Activity → Reproduce word for word every line from the one containing "商品の特徴:全面に散りばめら" through the end of the listing below; omit the pictures.

Source data →

------

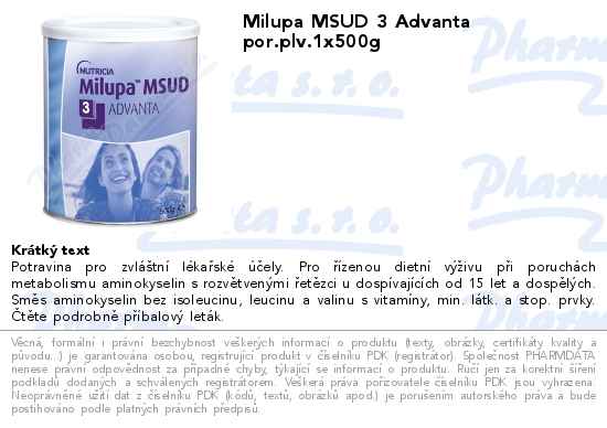 Milupa MSUD 3 Advanta por.plv.1x500g
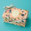 商品の特徴:全面に散りばめられた花柄が華やかな貼箱です。内側にもこだわりのデザイン入り!コンパクトでありながら、高級感のあるギフトにしていただけます。
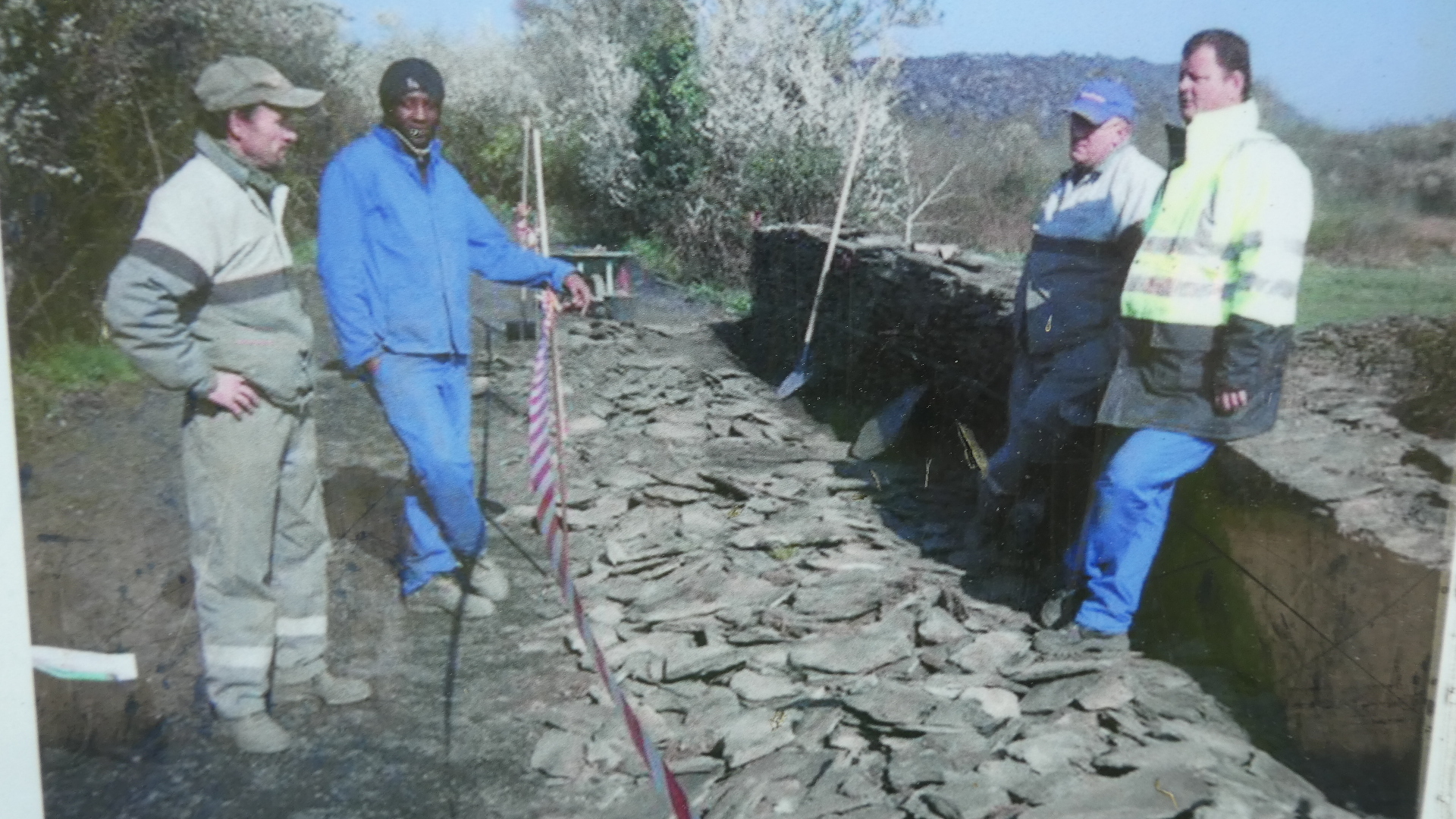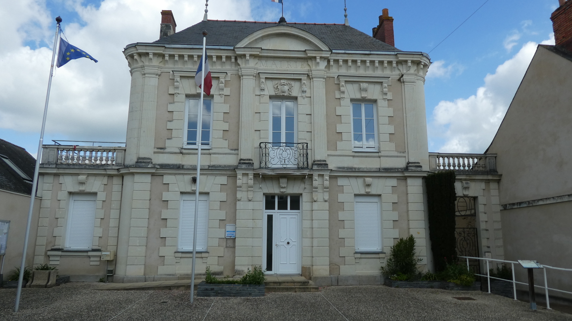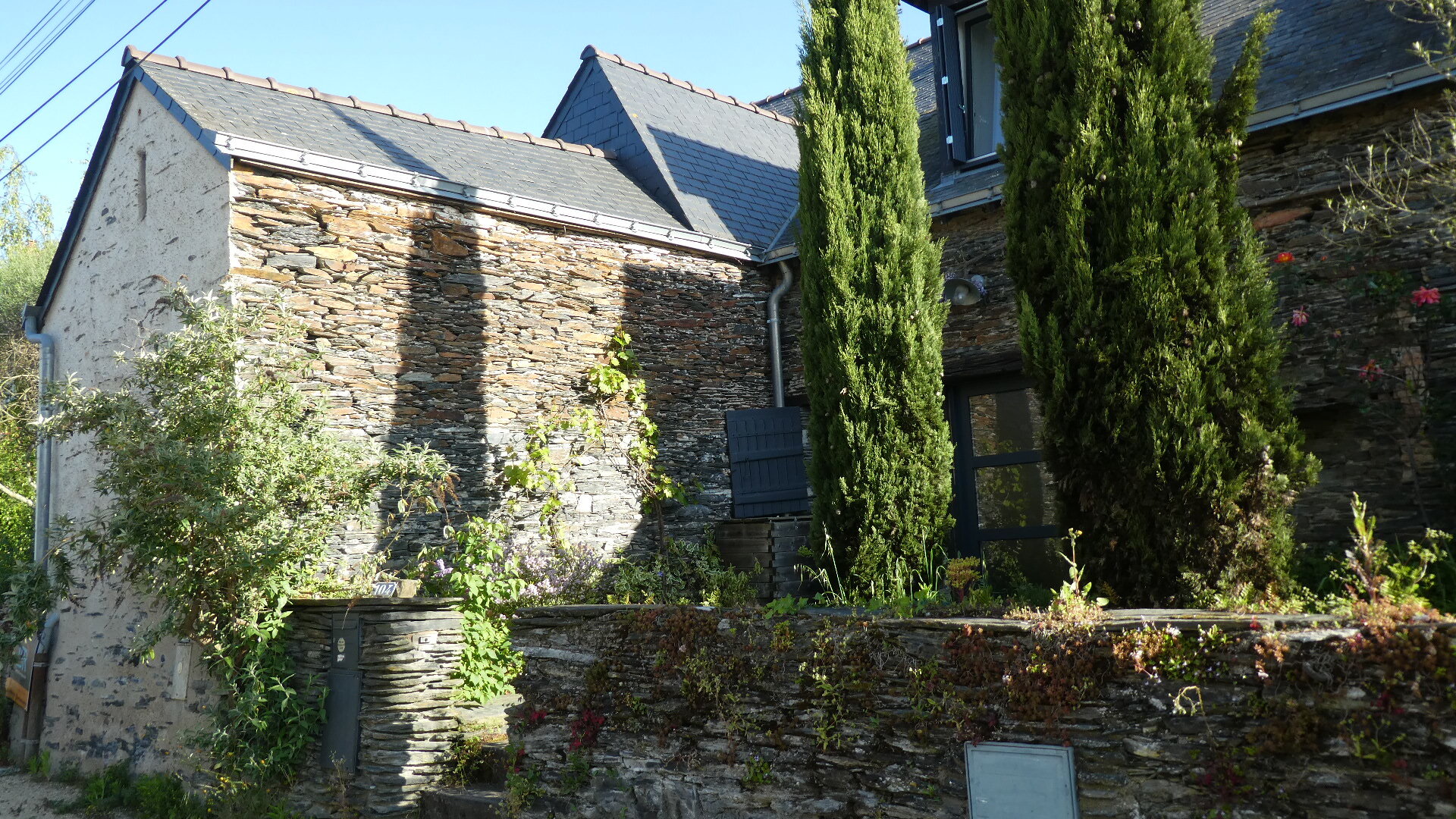 Once we were through the park, we had the ambition of visiting the slate museum, which we understood was in the nearby town of Trelaze. We had a track from the Tourism people that we thought would take us there, and we rather blindly followed it. If you look at the map below, you see us coming in from the upper left, through where it says "Les Petits Carreaux". Then we swing left around the big pond, and come to where a right, onto the dotted green, would have taken us to the Authion, and the little ferry. But on the way we met another cyclist, who stopped to tell us the ferry was not operating. La Dagueniere city hall strikes again. Nine years they've had to clean up their act!

------

Finished task →
 商品の特徴:全面に散りばめられた花柄が華やかな貼箱です。内側にもこだわりのデザイン入り!コンパクトでありながら、高級感のあるギフトにしていただけます。
 Once we were through the park, we had the ambition of visiting the slate museum, which we understood was in the nearby town of Trelaze. We had a track from the Tourism people that we thought would take us there, and we rather blindly followed it. If you look at the map below, you see us coming in from the upper left, through where it says "Les Petits Carreaux". Then we swing left around the big pond, and come to where a right, onto the dotted green, would have taken us to the Authion, and the little ferry. But on the way we met another cyclist, who stopped to tell us the ferry was not operating. La Dagueniere city hall strikes again. Nine years they've had to clean up their act!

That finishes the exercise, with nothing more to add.